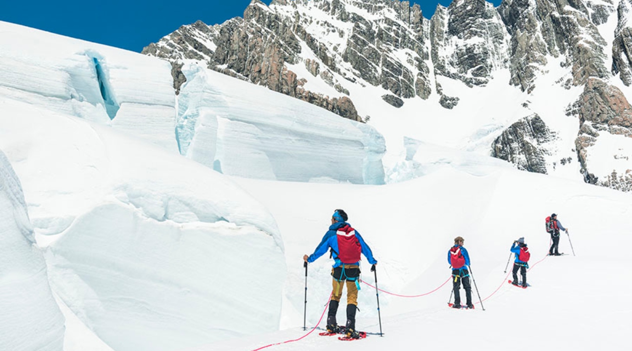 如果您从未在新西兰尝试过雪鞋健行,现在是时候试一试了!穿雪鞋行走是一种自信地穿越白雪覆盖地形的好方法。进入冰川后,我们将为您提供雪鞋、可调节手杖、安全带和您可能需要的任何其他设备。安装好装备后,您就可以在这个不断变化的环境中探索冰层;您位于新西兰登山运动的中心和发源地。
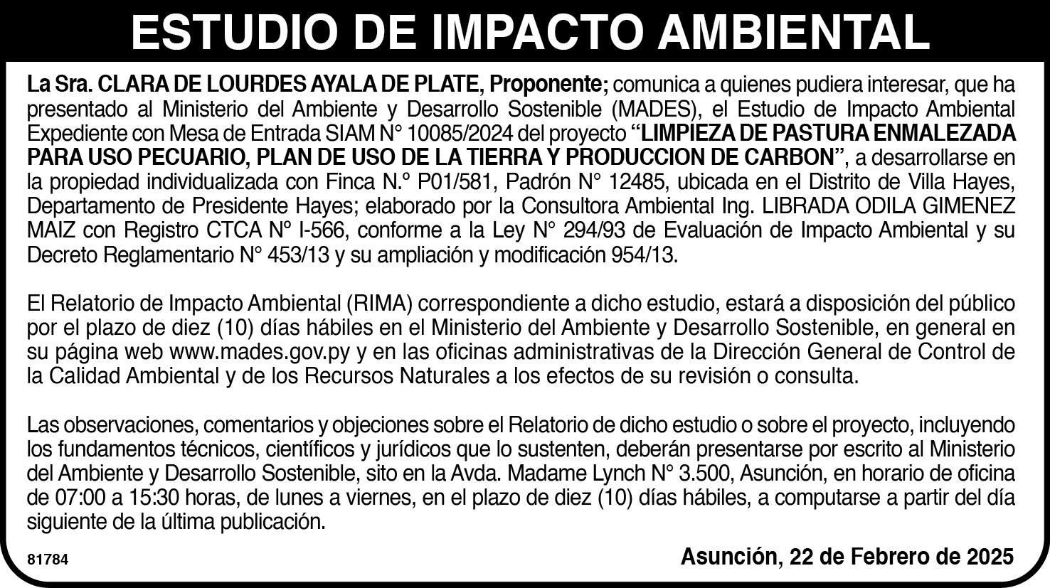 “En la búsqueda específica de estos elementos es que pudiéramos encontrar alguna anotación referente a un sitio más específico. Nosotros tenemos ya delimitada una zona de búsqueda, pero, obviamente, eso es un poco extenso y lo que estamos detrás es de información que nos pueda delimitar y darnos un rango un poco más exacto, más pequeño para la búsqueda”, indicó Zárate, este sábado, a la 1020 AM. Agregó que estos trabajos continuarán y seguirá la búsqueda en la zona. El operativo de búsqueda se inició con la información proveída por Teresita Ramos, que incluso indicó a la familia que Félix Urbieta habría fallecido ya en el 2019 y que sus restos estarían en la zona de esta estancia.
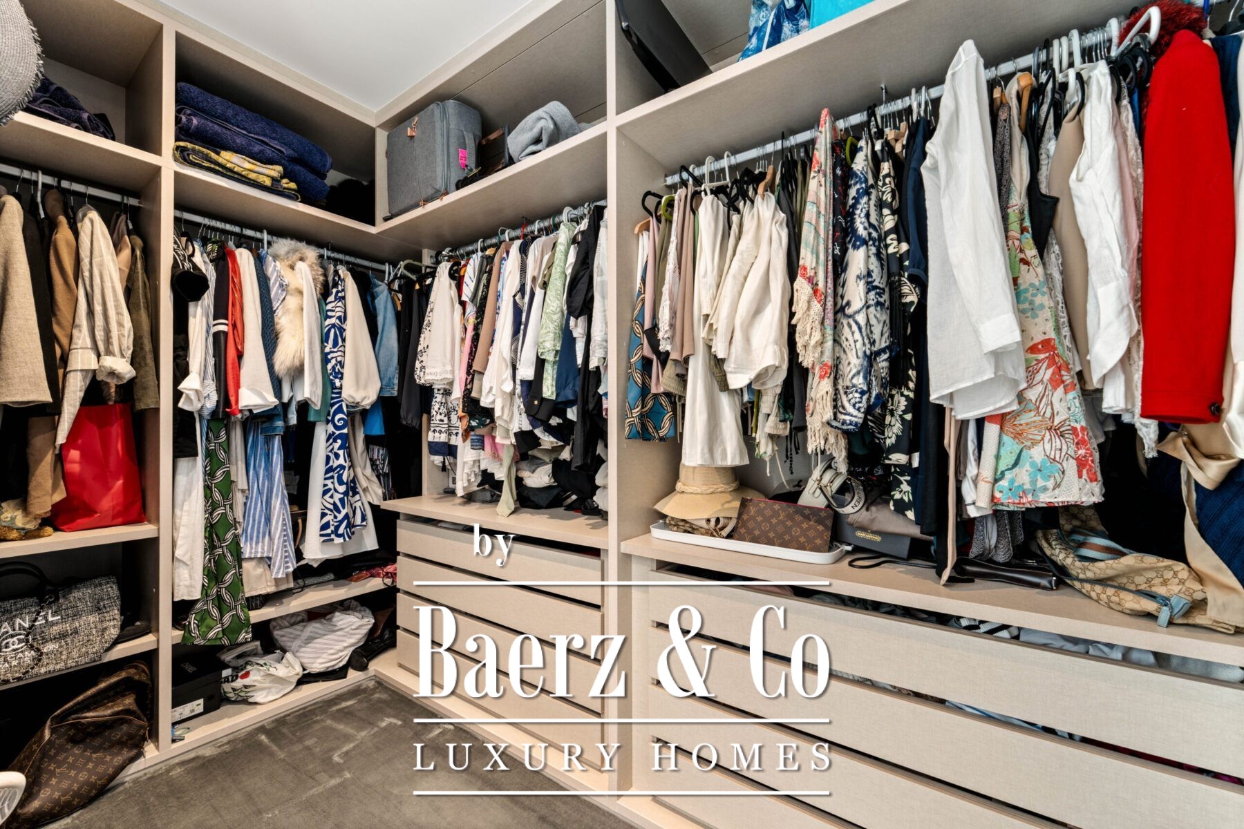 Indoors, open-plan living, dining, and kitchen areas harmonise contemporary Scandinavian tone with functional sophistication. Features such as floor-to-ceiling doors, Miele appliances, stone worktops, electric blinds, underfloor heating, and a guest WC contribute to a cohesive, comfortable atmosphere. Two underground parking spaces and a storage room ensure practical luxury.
= = = = =
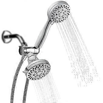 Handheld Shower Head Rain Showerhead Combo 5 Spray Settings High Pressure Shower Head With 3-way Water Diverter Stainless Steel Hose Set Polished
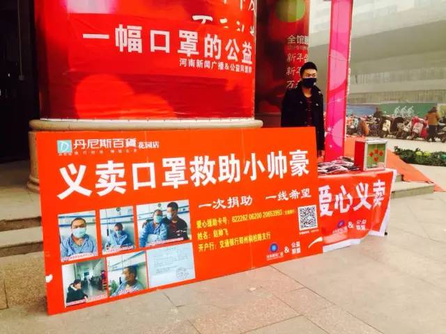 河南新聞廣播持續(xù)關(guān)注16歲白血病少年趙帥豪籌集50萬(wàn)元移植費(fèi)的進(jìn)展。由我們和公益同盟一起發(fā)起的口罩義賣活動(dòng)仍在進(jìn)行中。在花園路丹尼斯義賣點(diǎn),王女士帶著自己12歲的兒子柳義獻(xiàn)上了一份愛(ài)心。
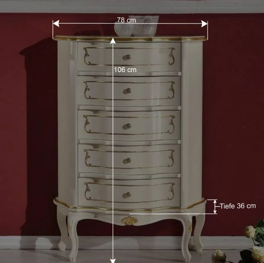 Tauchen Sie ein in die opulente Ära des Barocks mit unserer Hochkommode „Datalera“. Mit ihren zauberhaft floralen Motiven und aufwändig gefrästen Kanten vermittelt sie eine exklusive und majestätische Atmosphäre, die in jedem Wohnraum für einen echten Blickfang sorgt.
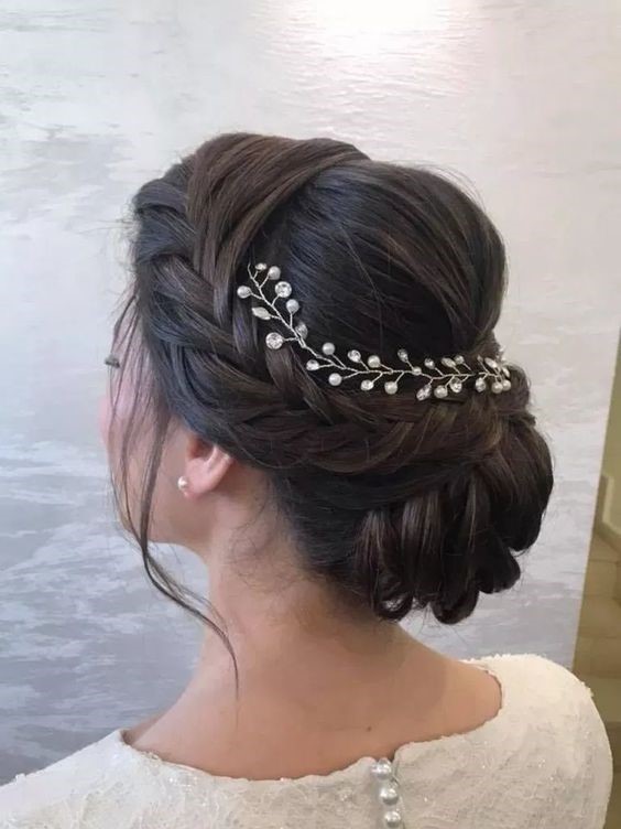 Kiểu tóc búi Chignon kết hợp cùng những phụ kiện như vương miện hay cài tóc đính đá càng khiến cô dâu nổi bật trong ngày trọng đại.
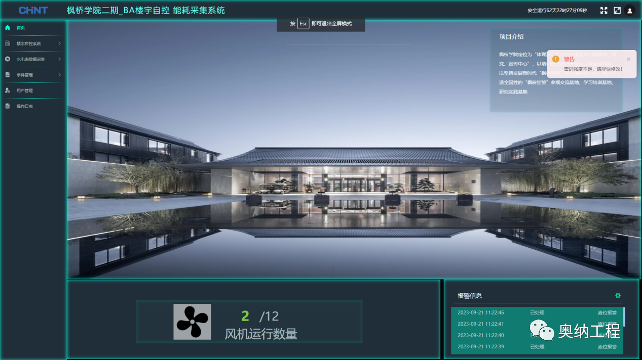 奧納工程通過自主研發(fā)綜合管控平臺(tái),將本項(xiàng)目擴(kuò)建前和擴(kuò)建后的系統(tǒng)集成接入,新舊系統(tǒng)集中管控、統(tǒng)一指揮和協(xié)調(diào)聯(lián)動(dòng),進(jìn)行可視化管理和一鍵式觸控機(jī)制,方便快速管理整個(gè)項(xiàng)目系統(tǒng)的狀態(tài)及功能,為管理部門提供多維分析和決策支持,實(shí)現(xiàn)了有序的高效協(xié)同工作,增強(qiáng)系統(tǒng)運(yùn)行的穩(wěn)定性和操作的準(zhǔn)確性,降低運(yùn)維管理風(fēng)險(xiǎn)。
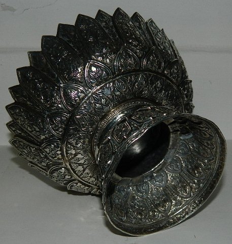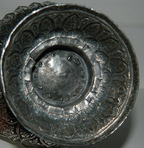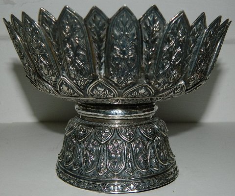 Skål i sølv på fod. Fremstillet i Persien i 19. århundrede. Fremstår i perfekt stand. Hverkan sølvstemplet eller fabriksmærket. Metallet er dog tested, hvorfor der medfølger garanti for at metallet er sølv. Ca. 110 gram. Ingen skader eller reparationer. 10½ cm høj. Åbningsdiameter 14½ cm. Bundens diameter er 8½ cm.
= = = = =
EXERCISE DESCRIPTION: Please set down, exactly and with no pictures, the lines in the entries above starting at the one holding "Kiểu tóc búi" and ending at the one holding "Skål i sølv", ends included.

ANSWER SECTION:
 Kiểu tóc búi Chignon kết hợp cùng những phụ kiện như vương miện hay cài tóc đính đá càng khiến cô dâu nổi bật trong ngày trọng đại.
 奧納工程通過自主研發(fā)綜合管控平臺(tái),將本項(xiàng)目擴(kuò)建前和擴(kuò)建后的系統(tǒng)集成接入,新舊系統(tǒng)集中管控、統(tǒng)一指揮和協(xié)調(diào)聯(lián)動(dòng),進(jìn)行可視化管理和一鍵式觸控機(jī)制,方便快速管理整個(gè)項(xiàng)目系統(tǒng)的狀態(tài)及功能,為管理部門提供多維分析和決策支持,實(shí)現(xiàn)了有序的高效協(xié)同工作,增強(qiáng)系統(tǒng)運(yùn)行的穩(wěn)定性和操作的準(zhǔn)確性,降低運(yùn)維管理風(fēng)險(xiǎn)。
 Skål i sølv på fod. Fremstillet i Persien i 19. århundrede. Fremstår i perfekt stand. Hverkan sølvstemplet eller fabriksmærket. Metallet er dog tested, hvorfor der medfølger garanti for at metallet er sølv. Ca. 110 gram. Ingen skader eller reparationer. 10½ cm høj. Åbningsdiameter 14½ cm. Bundens diameter er 8½ cm.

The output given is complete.